1:17-cv-07933
N.D. Ill.Jan 8, 2018Background
- Courthouse News Service (CNS) covers civil litigation and seeks same-day access to newly filed civil complaints in the Cook County Circuit Court for its reporting product.
- Historically, press accessed paper-filed complaints the same day; after e-filing began, the Clerk's Office printed e-filed complaints until January 2015, when it stopped printing them for the press.
- Clerk Dorothy Brown's office withholds public/press access to e-filed complaints until administrative processing and formal acceptance, causing many e-filed complaints to be unavailable until the next business day.
- CNS sued Brown (official capacity) under 42 U.S.C. § 1983 seeking declaratory and injunctive relief and moved for a preliminary injunction to require contemporaneous access upon receipt of e-filings.
- Brown defended the processing-delay policy as consistent with Illinois administrative orders (documents are "filed if not rejected") and as necessary to prevent disclosure of confidential material and avoid confusion from rejected filings.
- The district court concluded the First Amendment presumption of access applies to complaints and ruled Brown failed to show her withholding policy was narrowly tailored to preserve a higher value; it granted a preliminary injunction requiring contemporaneous access within 30 days and set a $5,000 bond.
Issues and Key Cases Cited
| Issue | Plaintiff's Argument | Defendant's Argument | Held |
|---|---|---|---|
| Does withholding e-filed complaints until administrative acceptance violate the First Amendment right of timely access? | CNS: Right of access applies to complaints and requires immediate/contemporaneous availability upon receipt; delays frustrate newsworthiness. | Brown: Delays are minor and justified because documents are not "filed" until accepted; processing prevents disclosure of confidential material and confusion from rejected filings. | Court: Policy violates First Amendment absent narrow tailoring; CNS likely to succeed on merits. |
| Is Younger abstention applicable? | CNS: No pending state judicial proceeding that would be interfered with. | Brown: Characterized dispute as challenge to state filing procedures/orders. | Court: Younger abstention inapplicable; no ongoing state proceeding. |
| Is Brown a proper defendant for prospective relief? | CNS: Policy is Clerk's and is the moving force behind the delay; official-capacity suit appropriate. | Brown: Problem lies with state administrative orders, not her actions. | Court: Brown is proper defendant; orders cited do not require withholding access. |
| Do other preliminary-injunction factors (irreparable harm, public interest, balance of equities) weigh in favor of CNS? | CNS: Short delays cause irreparable First Amendment harm; public interest favors transparency; alternatives exist. | Brown: Delays are minor (measured in business hours/days) and administrative burden/need for staff/funding justify policy. | Court: Irreparable harm and public interest support injunction; balance of equities favors CNS; injunction granted. |
Key Cases Cited
- Winter v.
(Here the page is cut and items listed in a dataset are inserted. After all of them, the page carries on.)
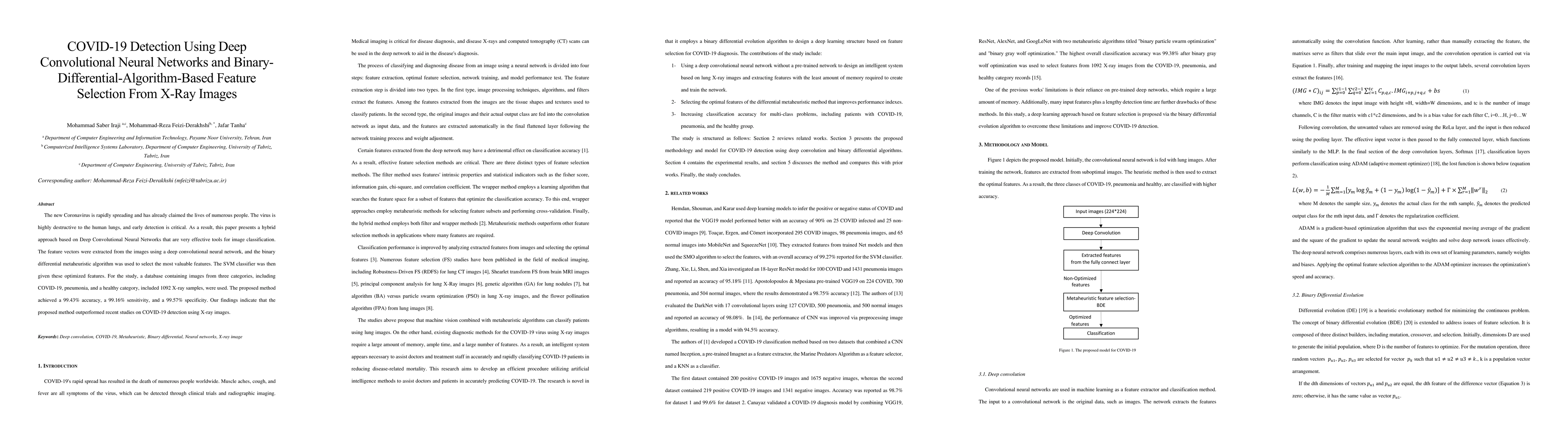 The new Coronavirus is spreading rapidly, and it has taken the lives of many people so far. The virus has destructive effects on the human lung, and early detection is very important. Deep Convolution neural networks are such powerful tools in classifying images. Therefore, in this paper, a hybrid approach based on a deep network is presented. Feature vectors were extracted by applying a deep convolution neural network on the images, and useful features were selected by the binary differential meta-heuristic algorithm. These optimized features were given to the SVM classifier. A database consisting of three categories of images such as COVID-19, pneumonia, and healthy included in 1092 X-ray samples was considered. The proposed method achieved an accuracy of 99.43%, a sensitivity of 99.16%, and a specificity of 99.57%. Our results demonstrate that the suggested approach is better than recent studies on COVID-19 detection with X-ray images.
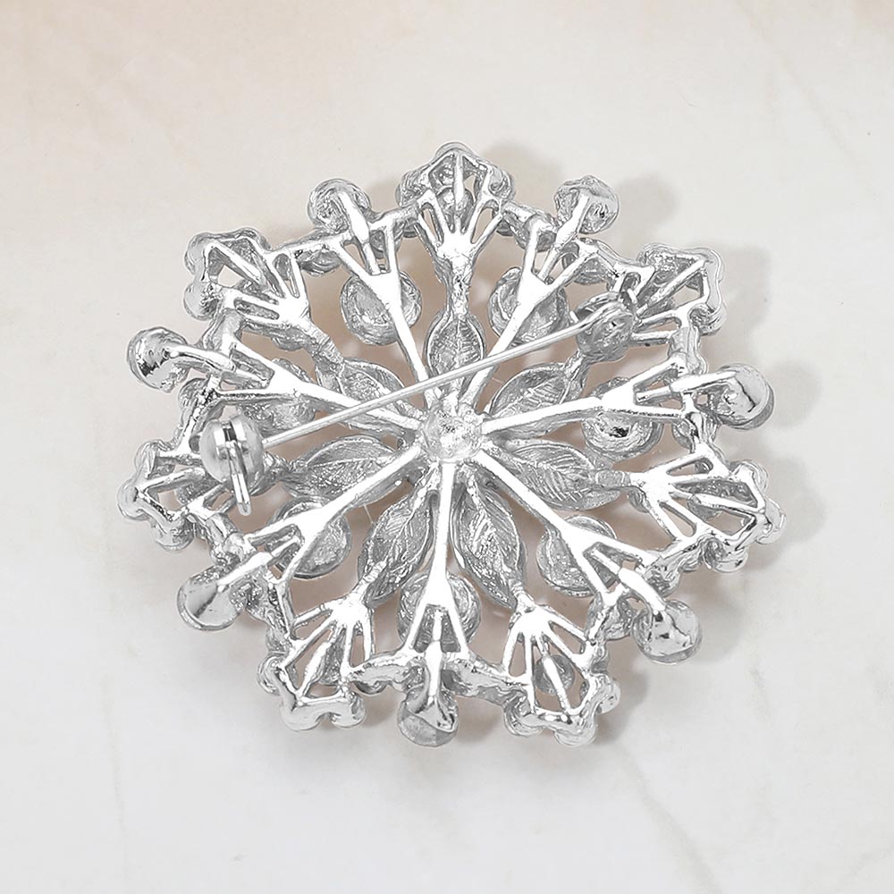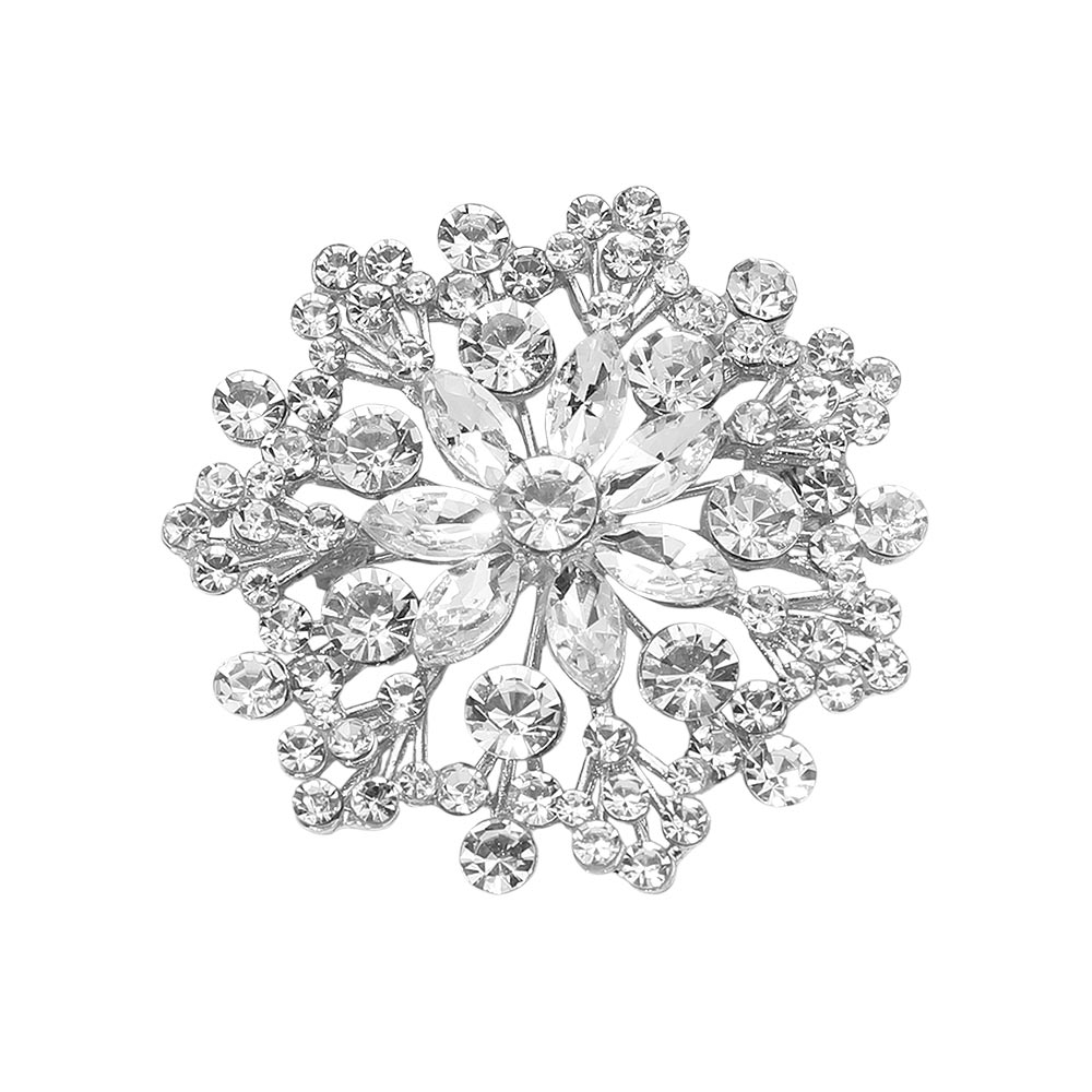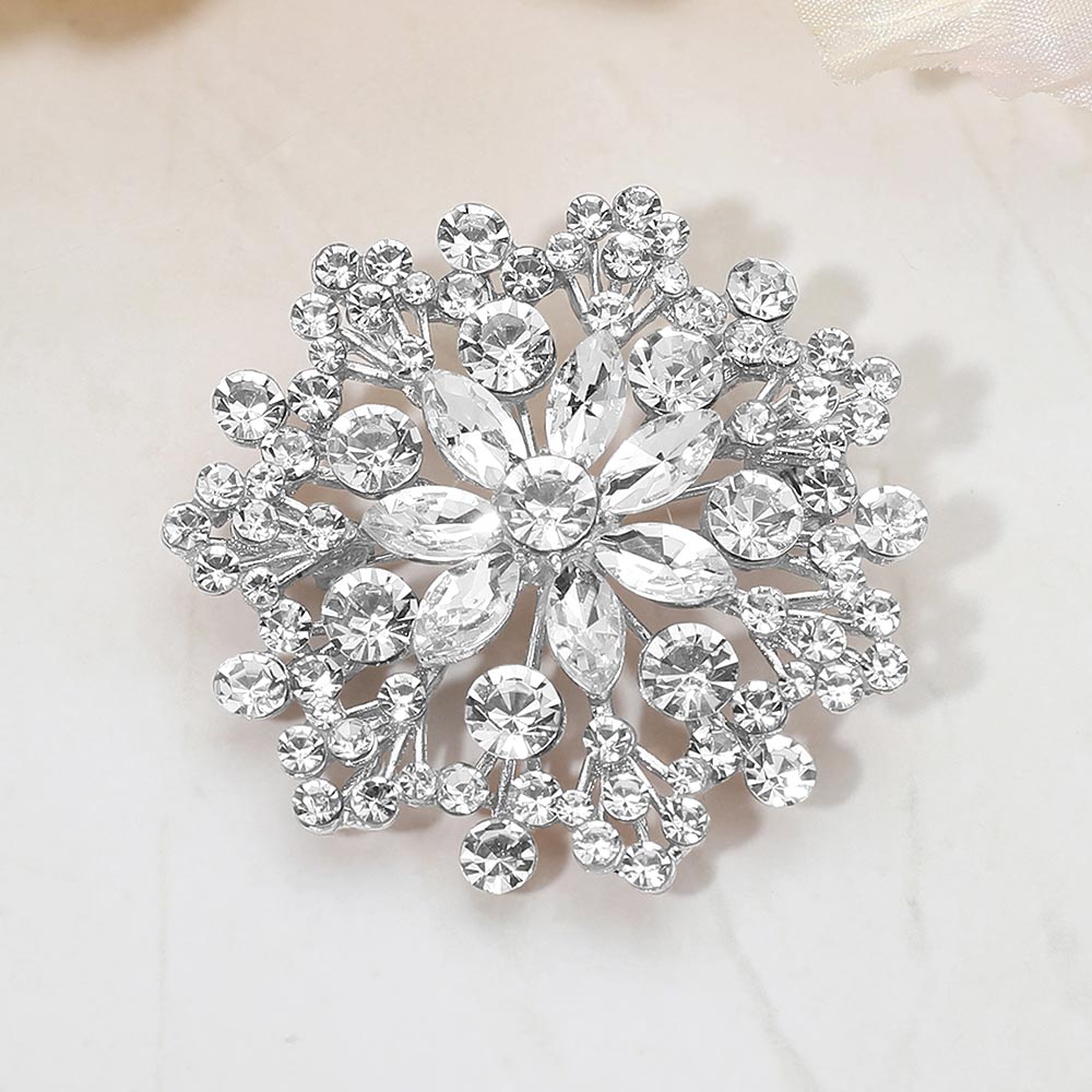 Details • Size : 2" X 2" • Pin Brooch • Eye-catching floral statement brooch designed with layered crystal accents arranged in a radiant cluster silhouette. This decorative pin adds elegant sparkle and dimension to jackets, scarves, dresses, and accessories, making it ideal for formal styling, seasonal collections, and fashion-forward displays. • Lead and Nickel Compliant
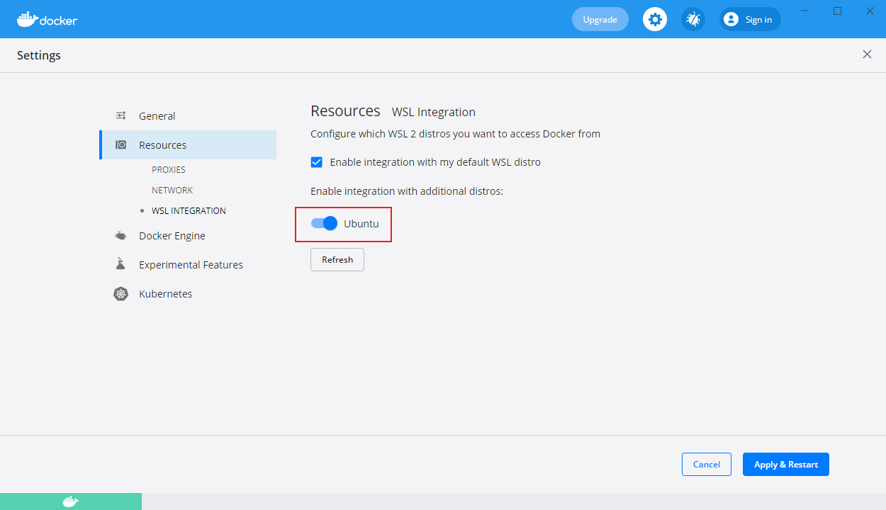 在 Win10 系统下安装好了 Docker,在 Ubuntu 下就不需要安装了,只需要按照如下截图设置下,就可以在 Ubuntu 下使用 Docker 命令。
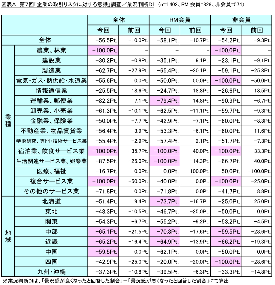 過去6回にわたり実施してきた「企業の取引リスクに対する影響アンケート」の中でも今年度の景況感は過去に類を見ない悪化となっており、緊急事態宣言以降の消費減退が景気に与える影響の大きさを浮き彫りにしています。
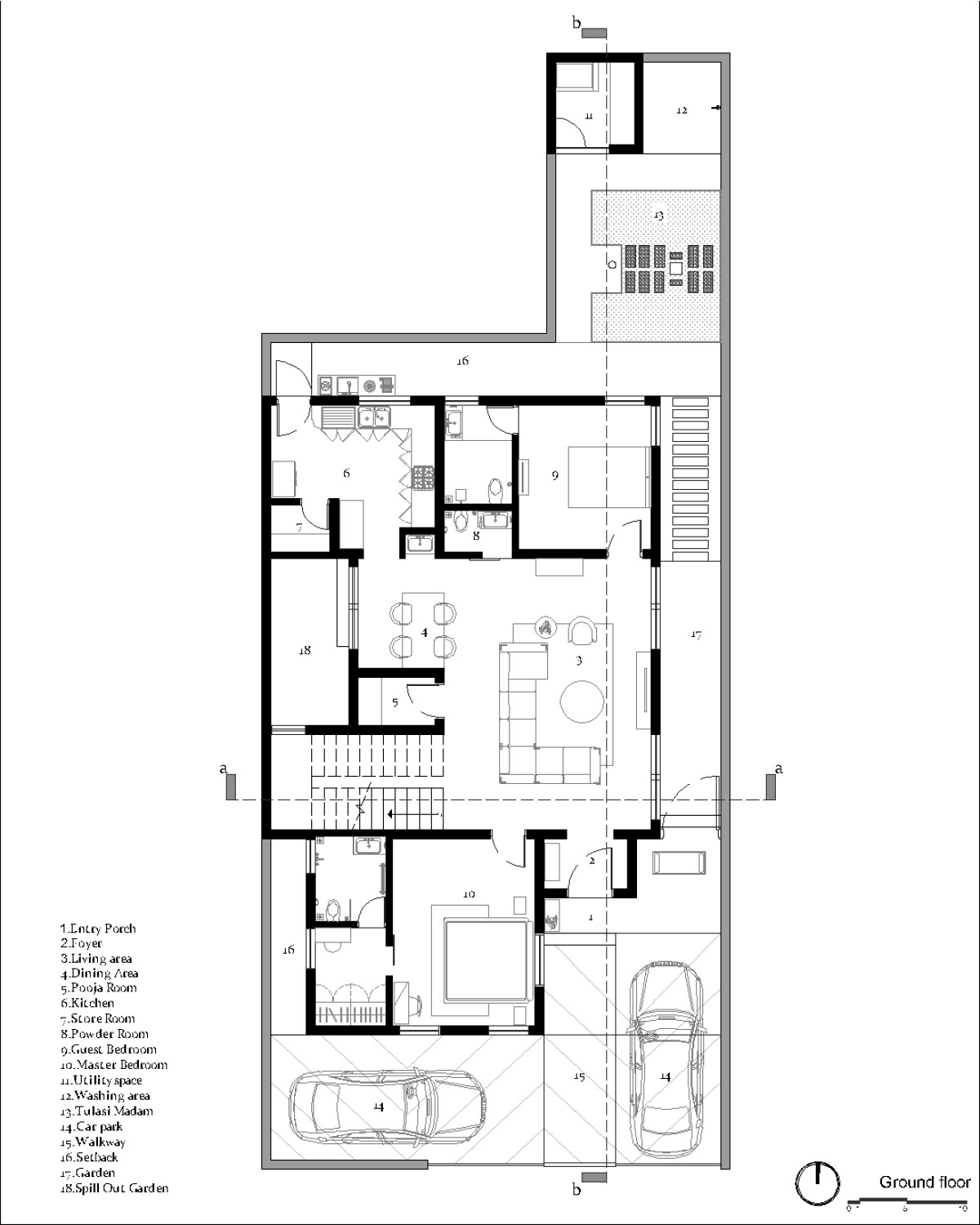 Ground Floor Plan of Deepa Residence by Grid Studio
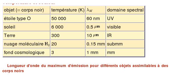 Mais vous êtes en train de me parler de la loi de Wien : loi qui permet de relier la longueur d'onde dans le vide de la radiation la plus intense à la température T en Kelvin \(T=\frac { cte }{ { \lambda }_{ max } }\). La précision longueur d'onde dans le vide permet d'éviter de prendre en compte le changement de la longueur d'onde quand les radiations se propage dans un milieu différents (la célérité dans le vide de toutes les radiations lumineuses ou autres est la même et vaut c = 299 792 458 m/s)
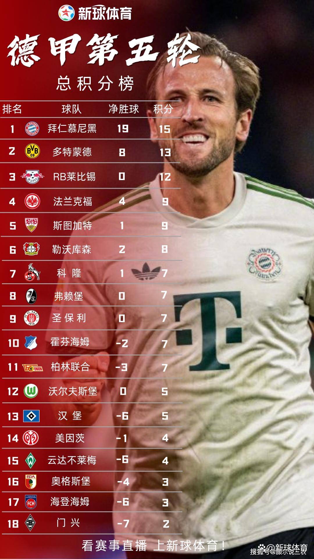 经过五轮激战,拜仁慕尼黑以全胜战绩积15分领跑积分榜。多特蒙德以4胜1平积13分紧随其后,RB莱比锡积12分位列第三。法兰克福本轮获胜后,总积分达到9分,位列第四。

Natural Resources Defense Council, 555 U.S. 7 (2008) (preliminary injunction standard).
- Grove Fresh Distribs., Inc. v. Everfresh Juice Co., 24 F.3d 893 (7th Cir. 1994) (press right to timely, contemporaneous access to judicial documents).
- In re Associated Press, 162 F.3d 503 (7th Cir. 1998) (presumption of access and requirement of immediacy).
- Matter of Continental Illinois Sec. Litig., 732 F.2d 1302 (7th Cir. 1984) (right of contemporaneous access).
- Courthouse News Serv. v. Planet, 750 F.3d 776 (9th Cir. 2014) (timely access arises on receipt; processing delay must be narrowly tailored).
- Higher Soc’y of Indiana v. Tippecanoe Cty., 858 F.3d 1113 (7th Cir. 2017) (preliminary injunction standards in First Amendment context).
- Elrod v. Burns, 427 U.S. 347 (1976) (loss of First Amendment freedoms constitutes irreparable injury).
- Christian Legal Soc’y v. Walker, 453 F.3d 853 (7th Cir. 2006) (injunctions protecting First Amendment freedoms are in the public interest).
- Grieveson v. Anderson, 538 F.3d 763 (7th Cir. 2008) (official-capacity § 1983 claims and policy/custom requirement).
- Williams v. State of Wisconsin, 336 F.3d 576 (7th Cir. 2003) (official-capacity suits seeking prospective relief are permitted under § 1983).